There were only four patients presenting this rare type of urethral duplication. They presented, on average, at the age of 7 years.

The patients complained about various symptoms such as straining or had neuropathic bladder while urinating with single-stream. The diagnosis was made incidentally.

Preoperative investigation showed that two patients had undergone MCU and RU, while two others had undergone cystourethroscopy and ultrasonography.

Associated anomalies were also found in these patients, such as a scrotal abscess in one, a non-functional kidney in another, and caudal regression and a tethered cord.

The surgical techniques used for these patients included urethra-urethrostomy, excision of the accessory urethra, and dilatation of the urethra—in case of stenosis.

There were six patients with an average age of 4 years. Their presentation included visible secondary meatus, with glandular, penile, perineal, and recurrent UTIs being the most common. Preoperative investigations included methylene blue injection, cystoscopy, fluoroscopy, ultrasound, micturating cystourethrography, MRI, CT, retrograde urethrography, and intravenous urography. Associated anomalies were observed in the genital, urinary, and general areas.

Surgical interventions included mobilization of urethras, side-to-side urethrostomy, penoscrotal urethrostomy, excision of the dorsal accessory urethra, and no treatment. No complications were reported, and follow-ups were done for up to one year.
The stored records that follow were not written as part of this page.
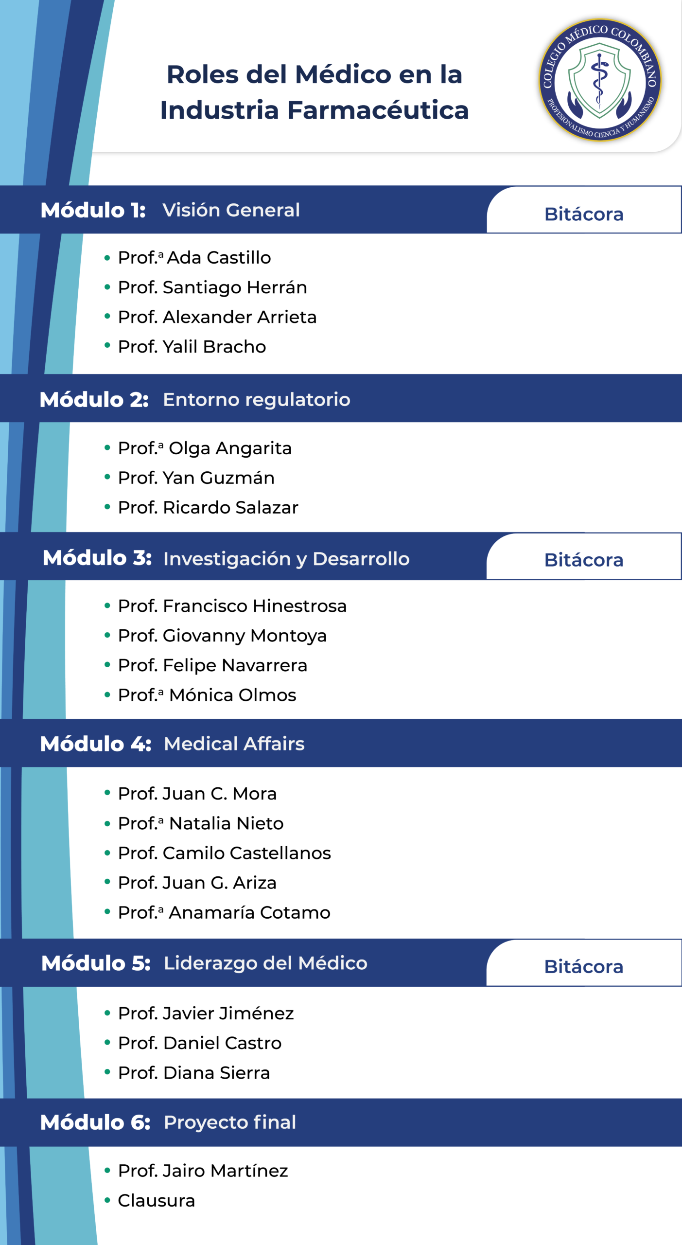 Al culminar con éxito recibirás la certificación como Pharmaceutical Medical Advisor, avalada por el Colegio Médico Colombiano.
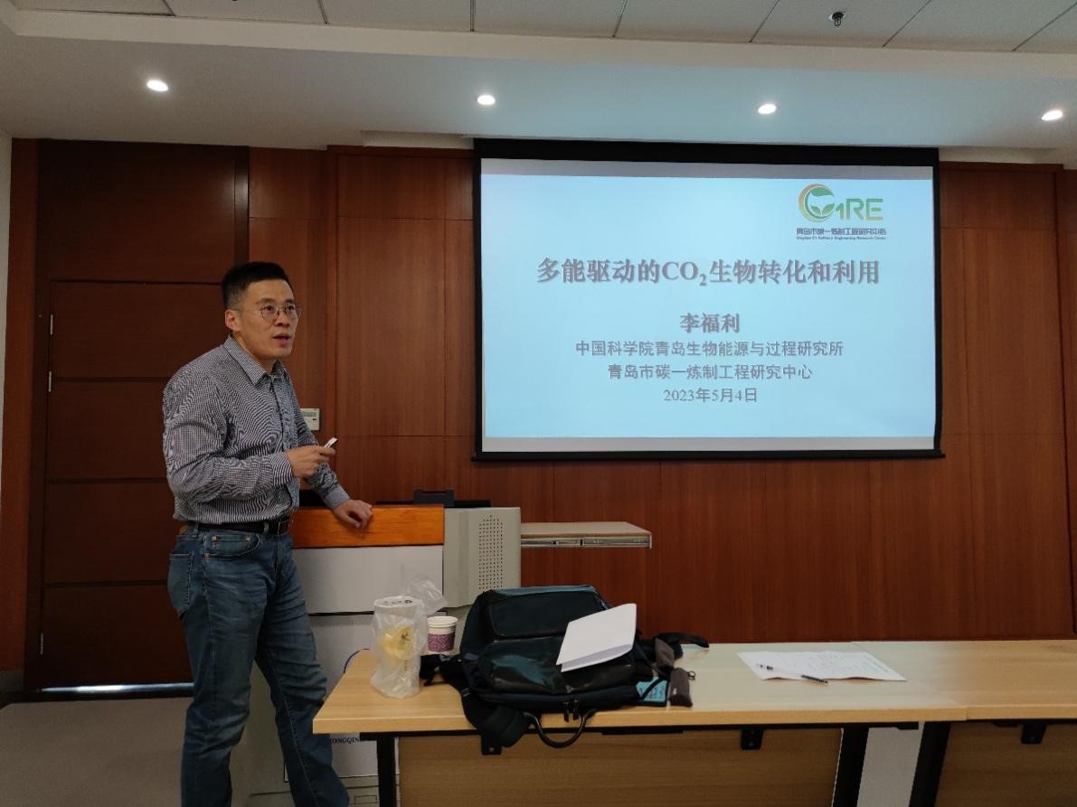 王丹教授首先向在场师生介绍主讲嘉宾,李福利研究员目前任研究所学术委员会副主任,青岛市碳一炼制工程研究中心主任,国际能源署(IEA)任务39脱碳运输燃料中国代表,Frontiers in Bioengineering and Biotechnology副主编,生物工程学报编委,青岛市微藻产业学会理事长,山东省微生物学会常务理事等。
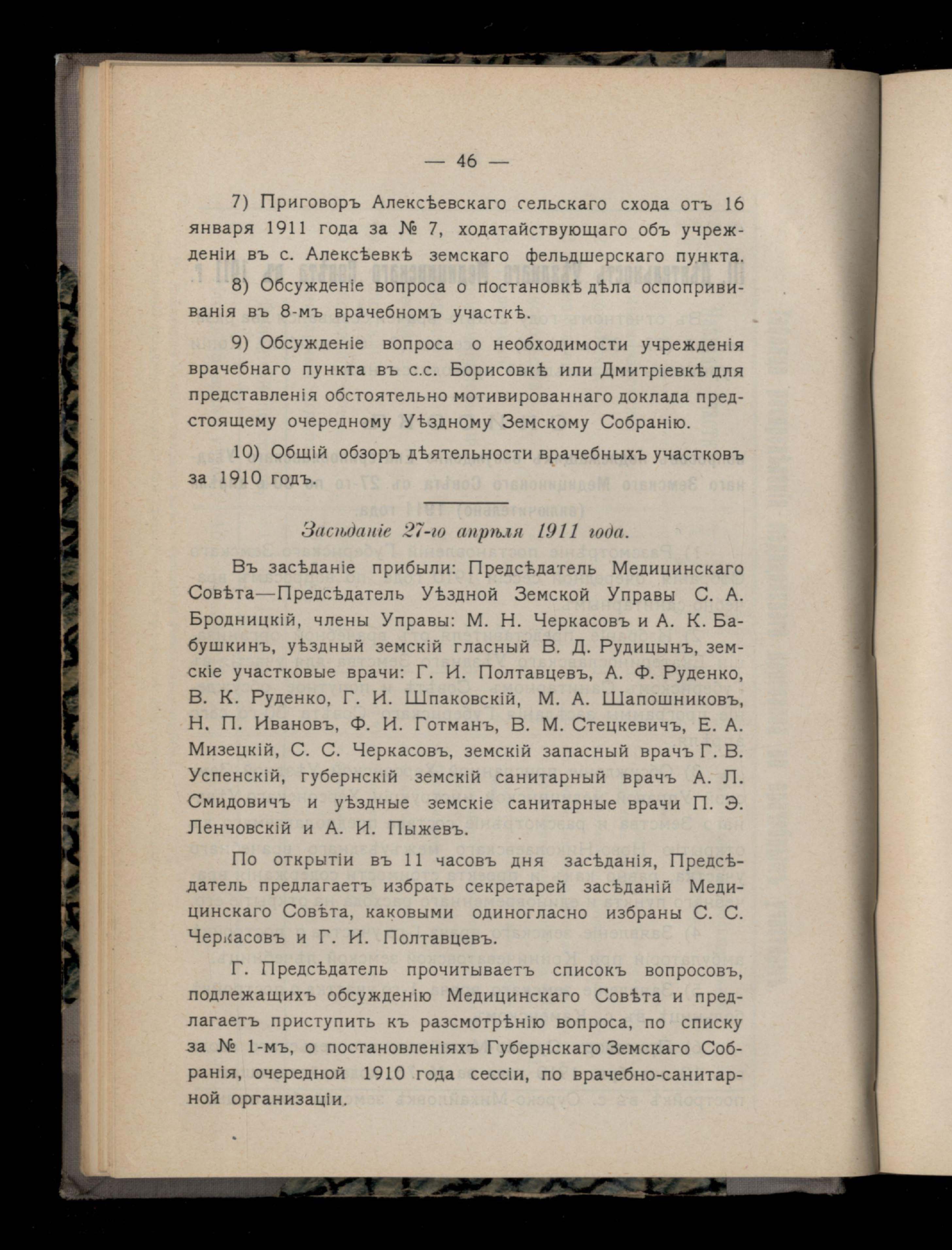 51. III. Деятельность Уезднаго Медицинскаго Совета въ 1911г. Списокъ вопросовъ подлежащихъ обсужденію
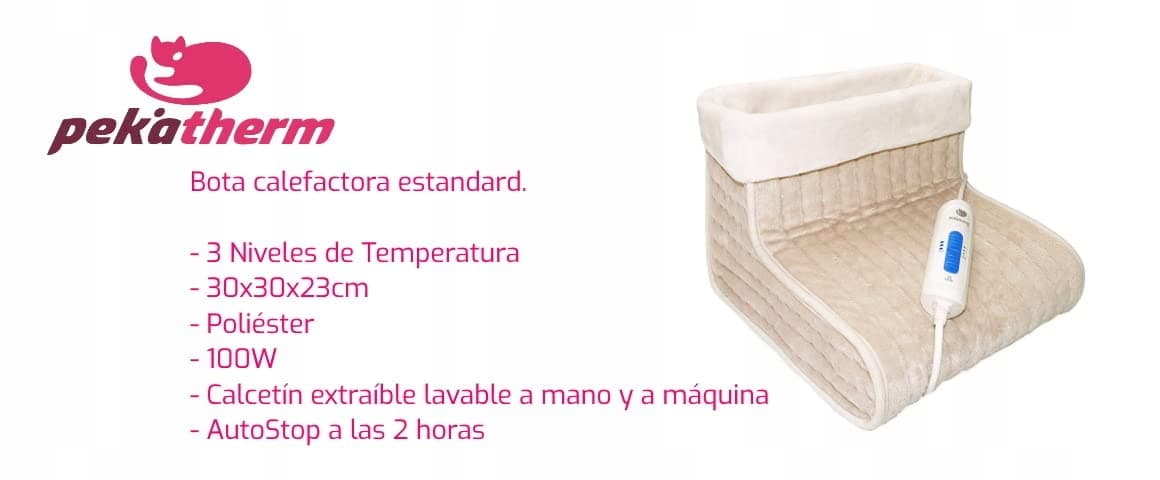 SZCZEGÓŁY TECHNICZNE: Ma moc 100 W, 3-stopniowy regulator i mierzy 27x30x23 cm. Skarpeta jest wykonana z poliestru i można ją prać ręcznie lub w pralce. Po 2 godzinach wyłącza się automatycznie.
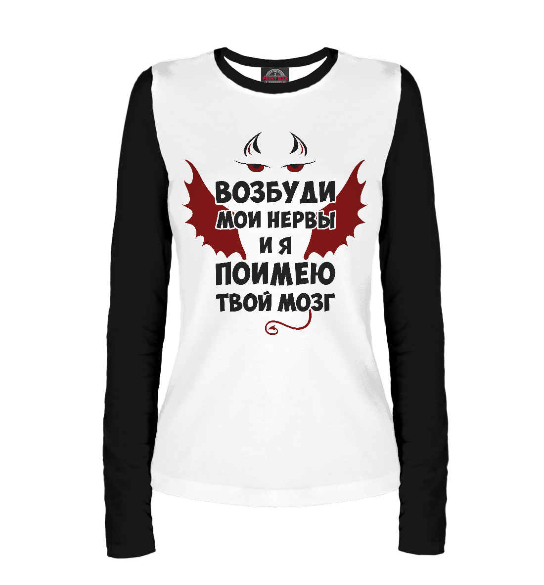 Женский лонгслив с принтом «Поимею твой мозг (Ч/Б)»

There were a total of nine patients with various symptoms: three of them urinated from the rectum, one had drops from the epispadic urethral meatus, one had abnormal foreskin, one had perineal voiding, one had enlargement of the penis during voiding, one had dribbling, and two had a double urinary stream. Additionally, one patient had a fever, one had abdominal pain, one had visible accessory urethras, one experienced fecaluria, one had incontinence, one had UTI, and one had dysuria.

There are some possible anatomical variations. There is always an orthotopic functional urethra with one or two epispadiac urethras, which open glandularly or on the dorsal surface of the penis. Ventrally situated urethras might open in the rectum/anus/perineum or on the ventral surface of the penis. In some cases, there are only epispadiac or only hypospadiac secondary urethras. Figure 4 represents the variations of urethral triplications we found. We encountered two of each 1,2,3 variations and one of each 4,5,6. As a particularity, four cases showed a Y triplication (11–14): a common proximal urethra divided into three channels.

Preoperative investigations, associated anomalies, and treatment options are listed in Table 6.

There were no reported complications. Follow-up: up to 4 years. The outcome was satisfactory in most of the cases.